As the story progresses, Golbourn introduces a fascinating, morally ambiguous guide whose past links him to the very monsters Jimmy is chasing. This character—part mentor, part penitent—adds a mythic layer to the narrative and deepens the theme of corruption and consequence. There’s no clear boundary between good and evil here, only a hierarchy of compromise. The “familiar” character, a twisted servant of the vampires, deserves special mention for how disturbingly well he embodies that moral decay. He is not supernatural, yet he is perhaps the most horrifying figure in the book—a man who has learned to survive by aligning himself with evil so completely that he has become something monstrous without even needing fangs.
The final third of the book reads like one sustained, nerve-fraying set piece. Golbourn stages the climactic action with cinematic precision, but it never feels hollow or overly choreographed. Instead, it is grim and brutal, filled with body horror and moments of visceral tension. Yet despite the gore, the novel never loses its sense of narrative control. Every revelation adds to the mythos, every death has emotional or symbolic weight. This is horror that matters.
Thematically, The Last Breath Before Death is preoccupied with death not just as an end but as a transformation. The Nachzehrer are horrifying not just because they kill, but because they devour their loved ones to return to a kind of half-life. This reversal of mourning—where the dead feed on the living rather than being mourned by them—becomes a metaphor for unresolved grief and generational trauma. These aren’t vampires who sparkle in the sun or fall in love with teenagers. They are dead things that should have stayed dead.
Golbourn’s prose is methodical, leaning toward the atmospheric rather than the flashy. His descriptions are grounded in physical detail and his dialogue feels authentic without being overly expository. He’s confident enough in his story to let readers sit in unease without constant explanation. This makes the supernatural elements feel more believable, as they are always filtered through the characters’ limited understanding. The ambiguity of the psychic Walter, for example, adds to the story’s tone of growing uncertainty. Is he a true seer? A charlatan? A guide, or simply another lost soul trying to make sense of the darkness?
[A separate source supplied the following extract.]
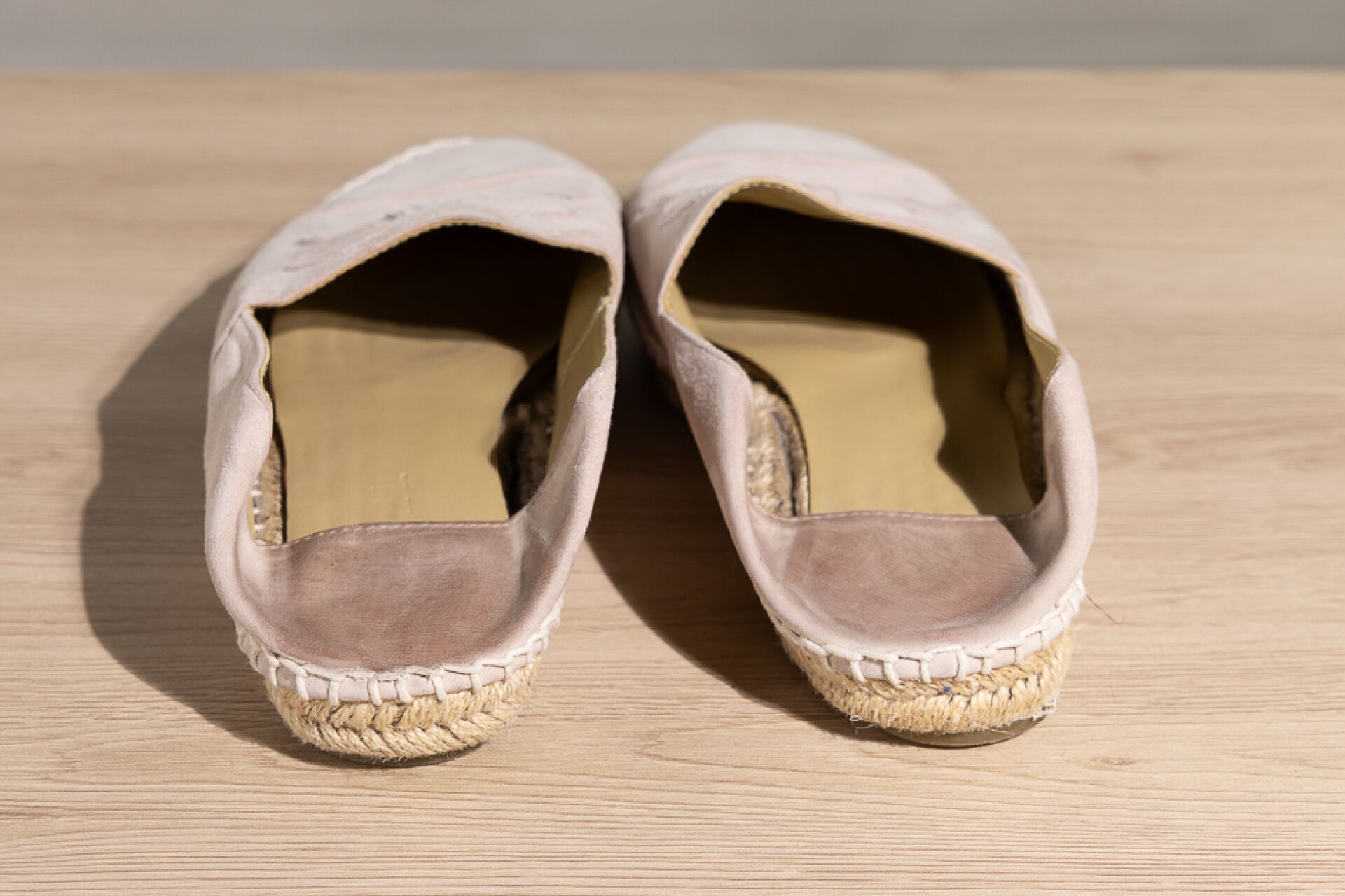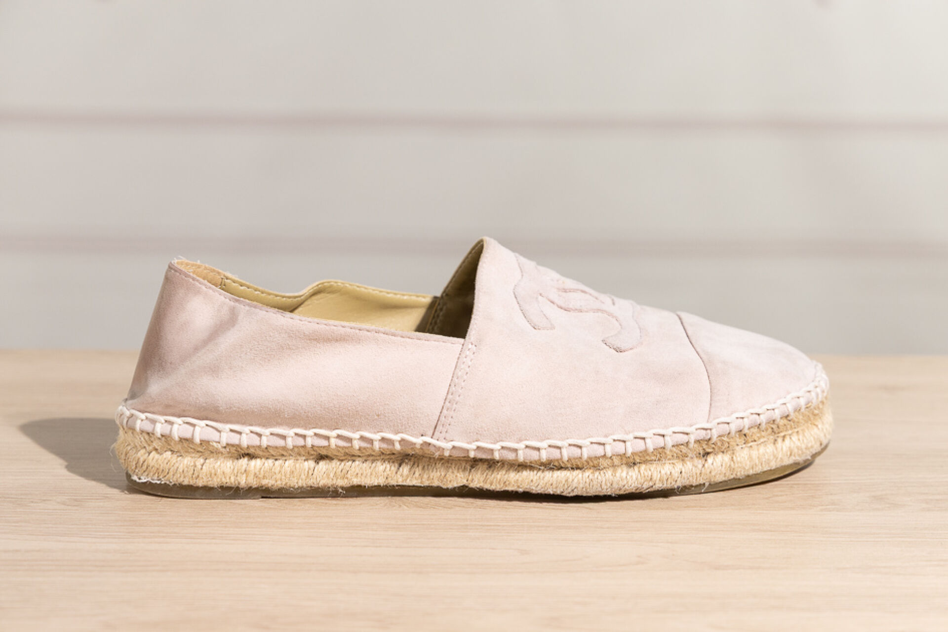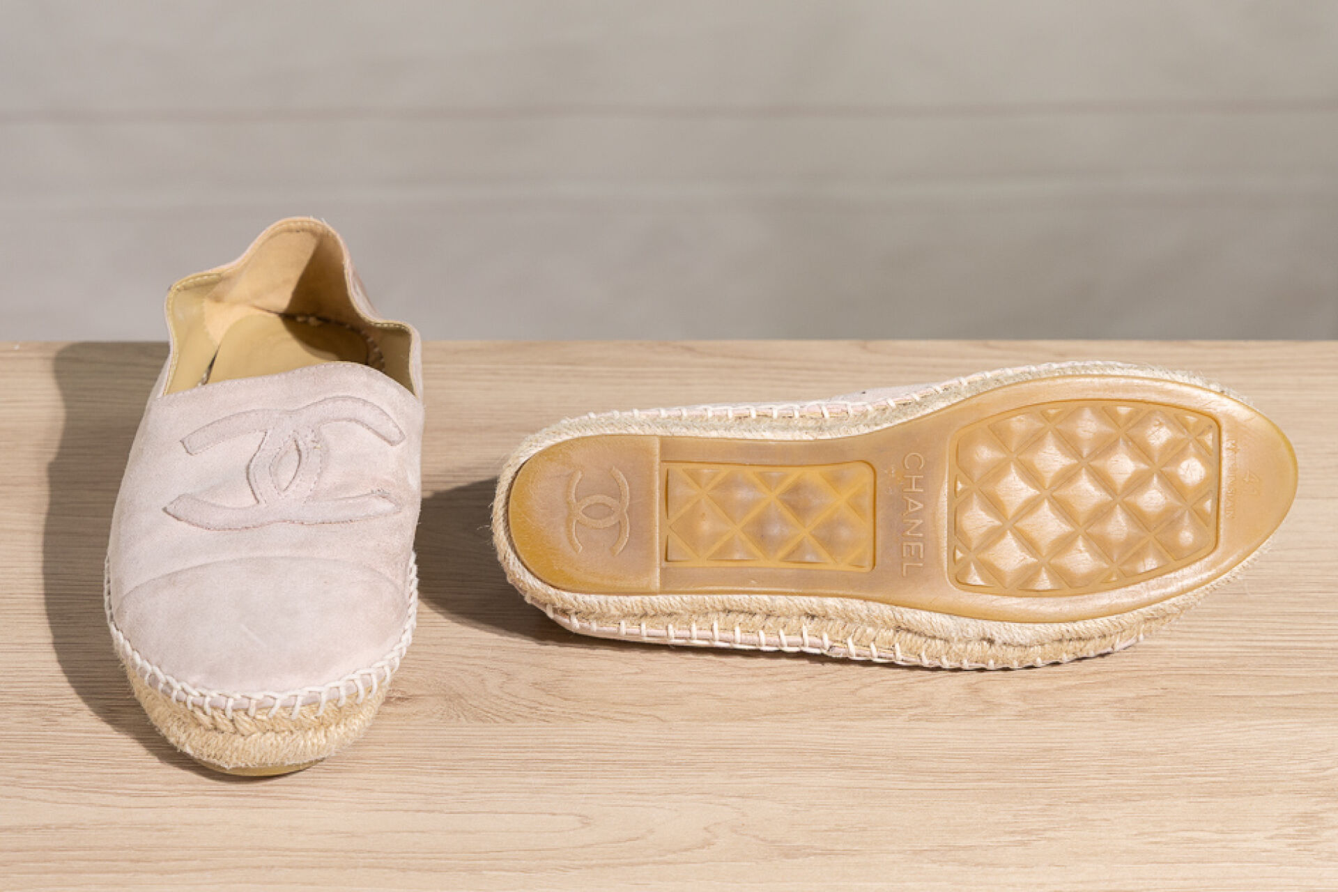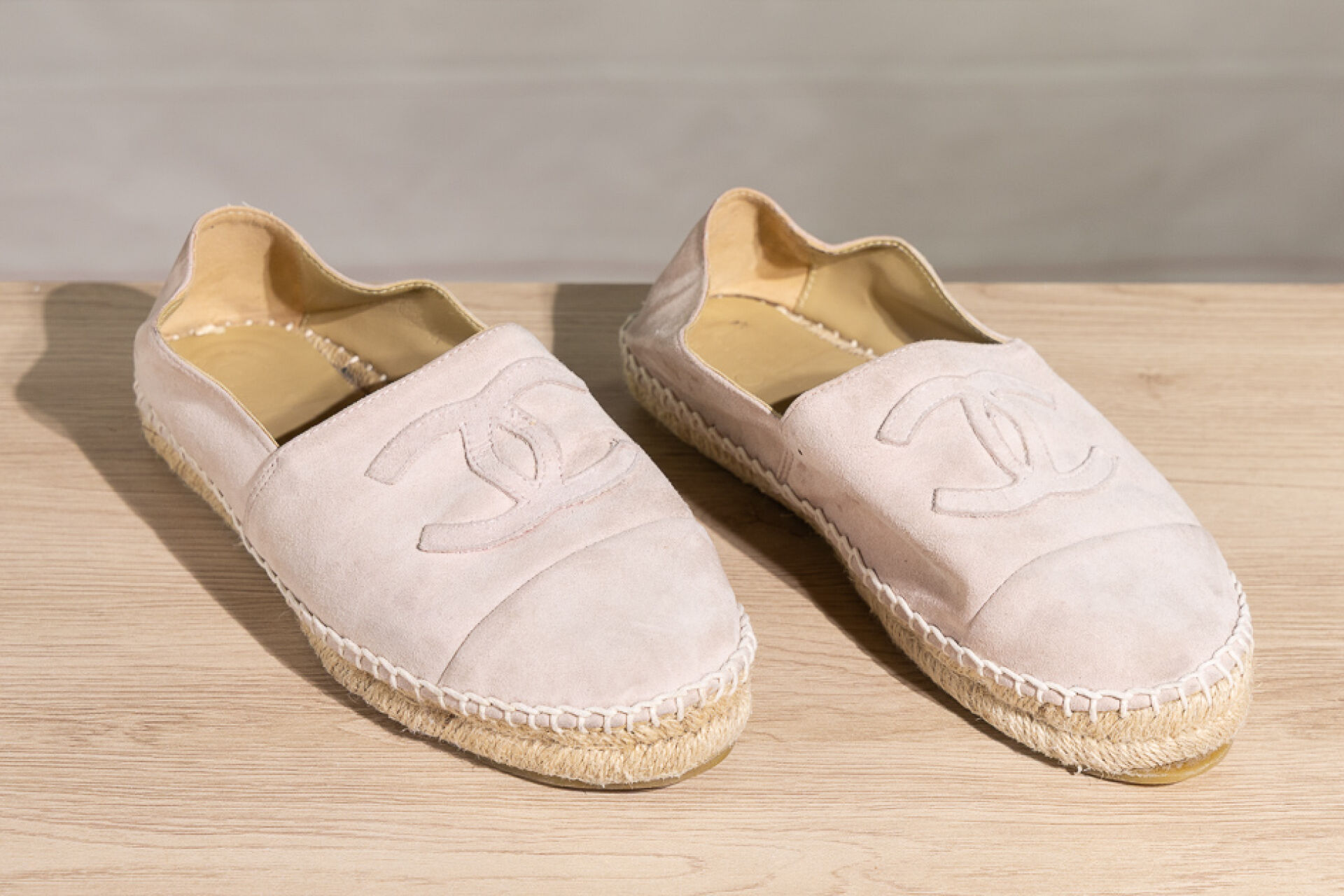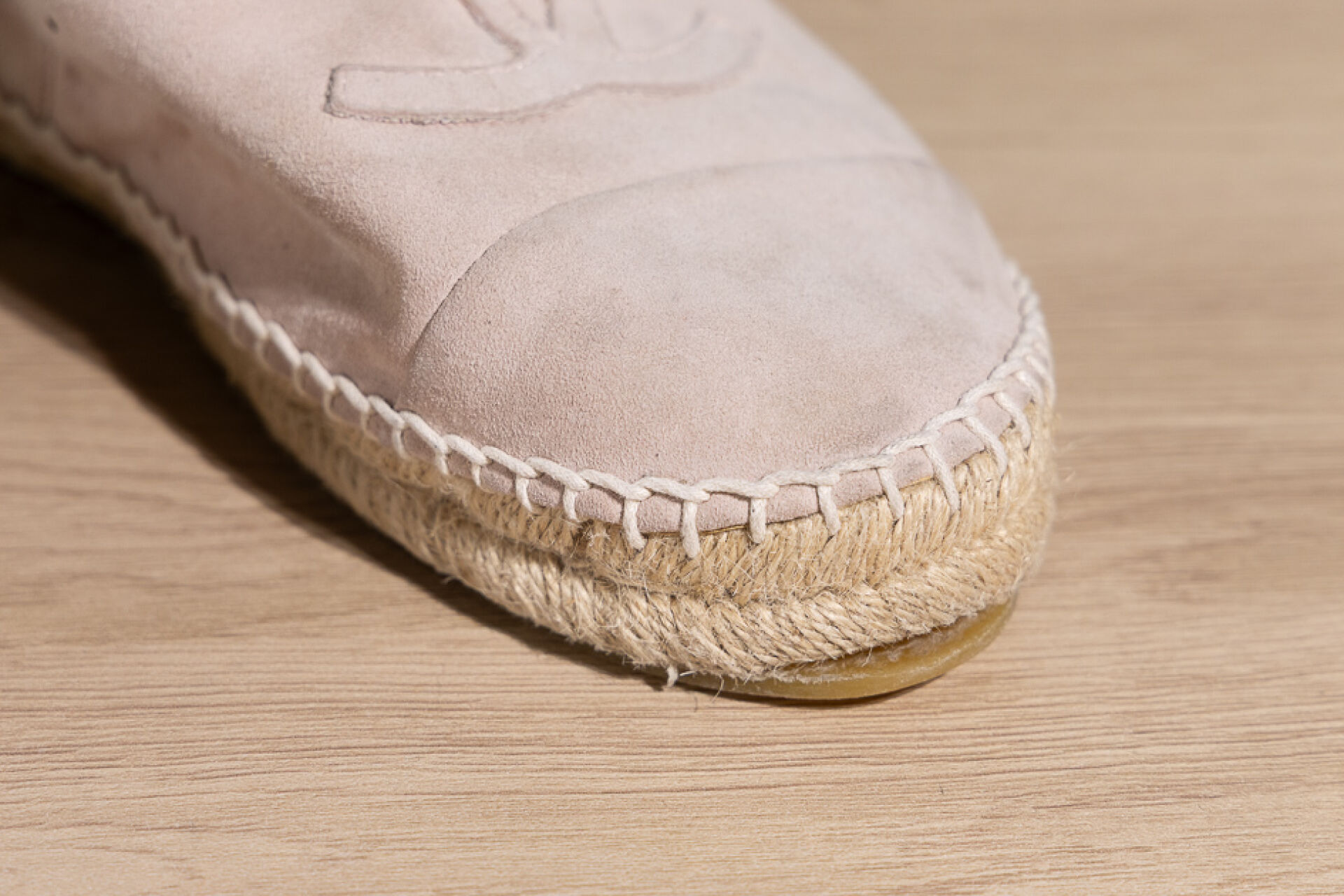 CHANEL - Paire d'espadrilles en daim rose très clair, empeigne rehaussée du sigle surpiqué. Pointure 41 En l'état

If there is a flaw to be found, it might lie in the slow pacing of the first act, which may frustrate readers used to more instant gratification. But in retrospect, the restraint shown early on becomes one of the novel’s greatest strengths. It mirrors the creeping inevitability of death itself, the slow descent into horror that cannot be undone.
Ultimately, The Last Breath Before Death is a rare thing: a vampire novel that manages to be original, frightening, and emotionally resonant all at once. It respects the traditions of Gothic and folk horror while crafting something new from them. Golbourn dares to strip the glamour from the undead and show us what lurks beneath the romantic veneer—flesh, decay, and the insatiable hunger of the grave.
For readers tired of the sanitized, angsty vampire trope and craving a return to true terror, this book is a feast. Just don’t expect to sleep easily after reading it. In fact, you may never look at an empty grave the same way again.